══ Dataset ══

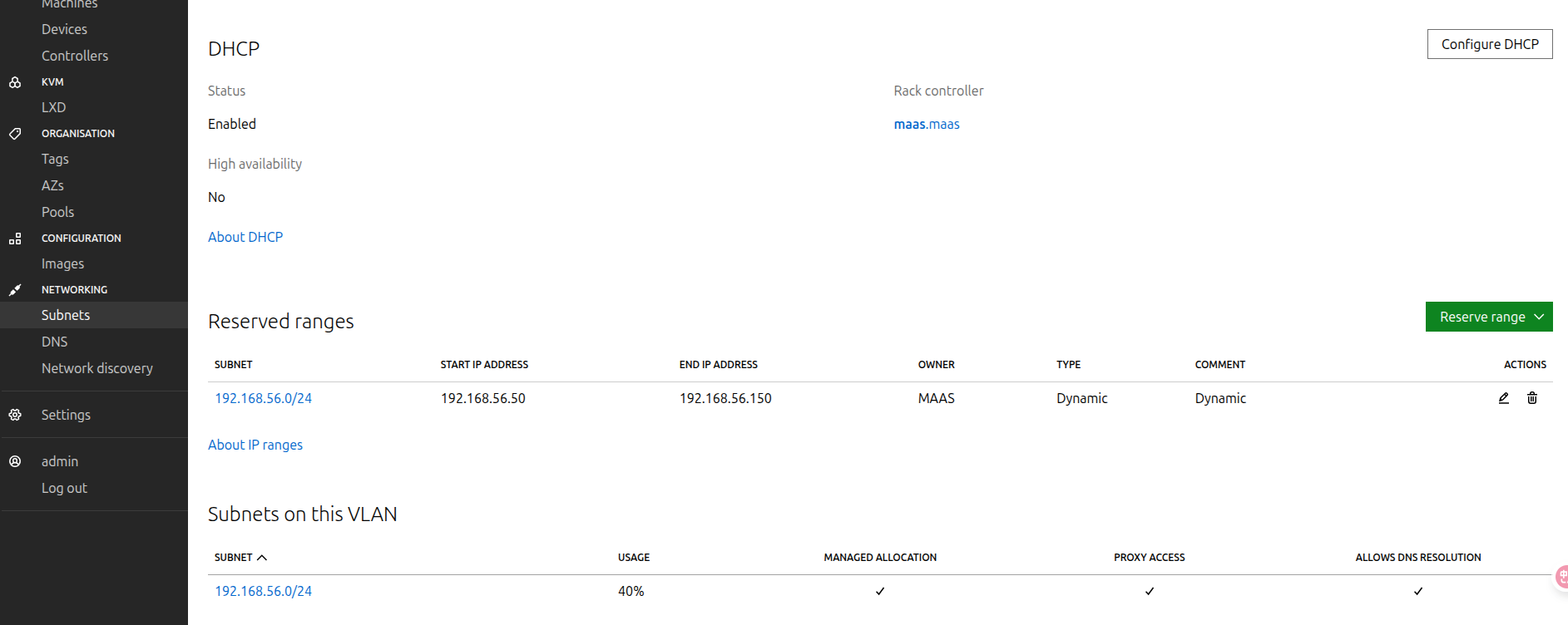 looks like you have another DHCP server on 192.168.56.0/24. If this is the case please keep only the DHCP server of MAAS (or keep only the other one, but you have to configure it accordingly Show and Tell: Using external DHCP with MAAS)
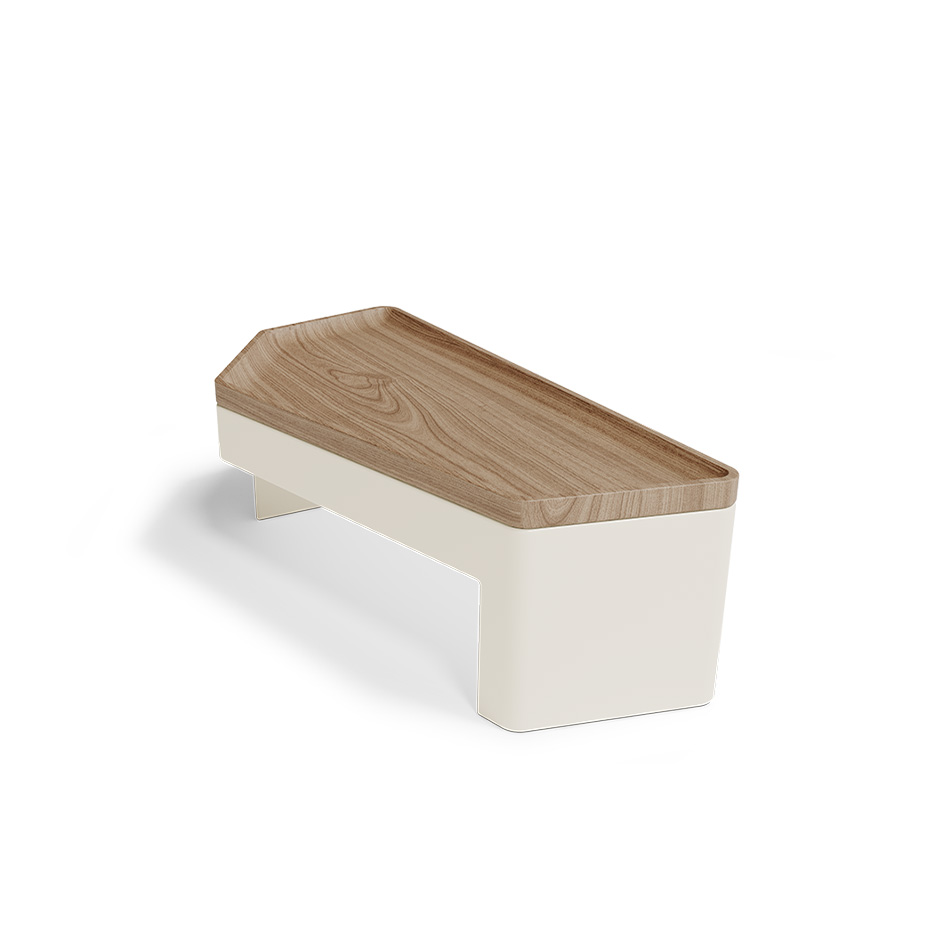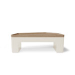 A smaller version and also a complement for the original Minas Center Table, this item still resembles the endless fields and plantations in the country. This version uses a matte light walnut top over a cream lacquered base. Its strict lines over fluid and amorphous shapes make an interesting and compelling design suitable for any aesthetic, especially when combined with its bigger version.
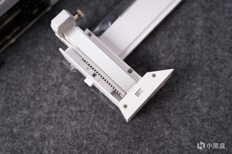 附带显卡支架,外观设计对应显卡本体,有着统一的设计语言,背面调节限位处为金属件,保证支撑强度,另给带有 ARGB 接口,实现光效的一体联动。
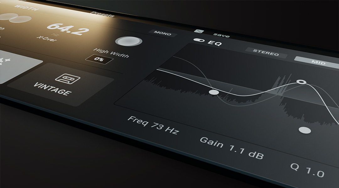 - Add depth and space with dual-band stereo width controls
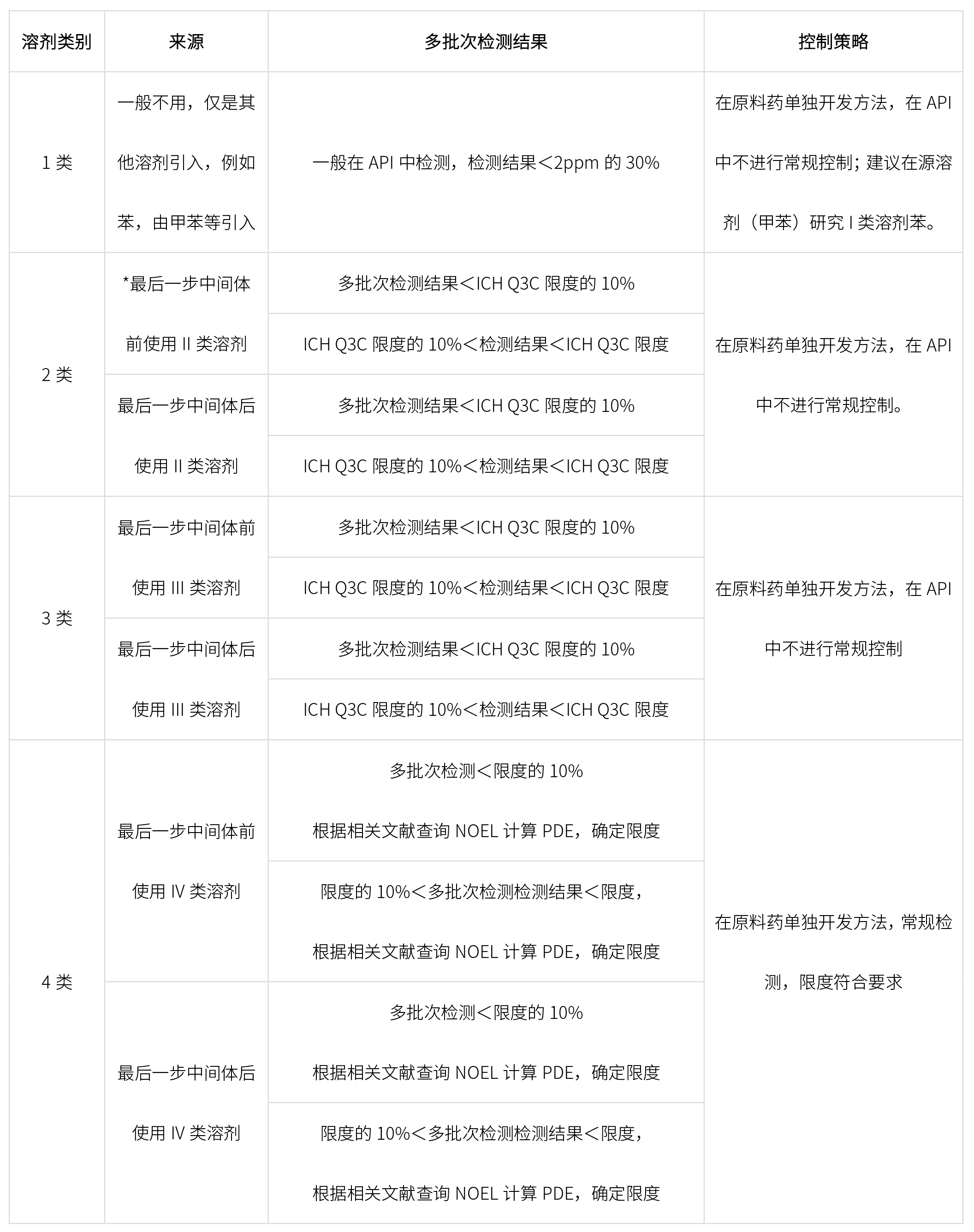 根據終產品合成工藝,結合ICH Q3C,確定控制策略如下:

═══

Exercise objective - Write out the data once more exactly, omitting the pictures.

Result -
 looks like you have another DHCP server on 192.168.56.0/24. If this is the case please keep only the DHCP server of MAAS (or keep only the other one, but you have to configure it accordingly Show and Tell: Using external DHCP with MAAS)
 A smaller version and also a complement for the original Minas Center Table, this item still resembles the endless fields and plantations in the country. This version uses a matte light walnut top over a cream lacquered base. Its strict lines over fluid and amorphous shapes make an interesting and compelling design suitable for any aesthetic, especially when combined with its bigger version.
 附带显卡支架,外观设计对应显卡本体,有着统一的设计语言,背面调节限位处为金属件,保证支撑强度,另给带有 ARGB 接口,实现光效的一体联动。
 - Add depth and space with dual-band stereo width controls
 根據終產品合成工藝,結合ICH Q3C,確定控制策略如下:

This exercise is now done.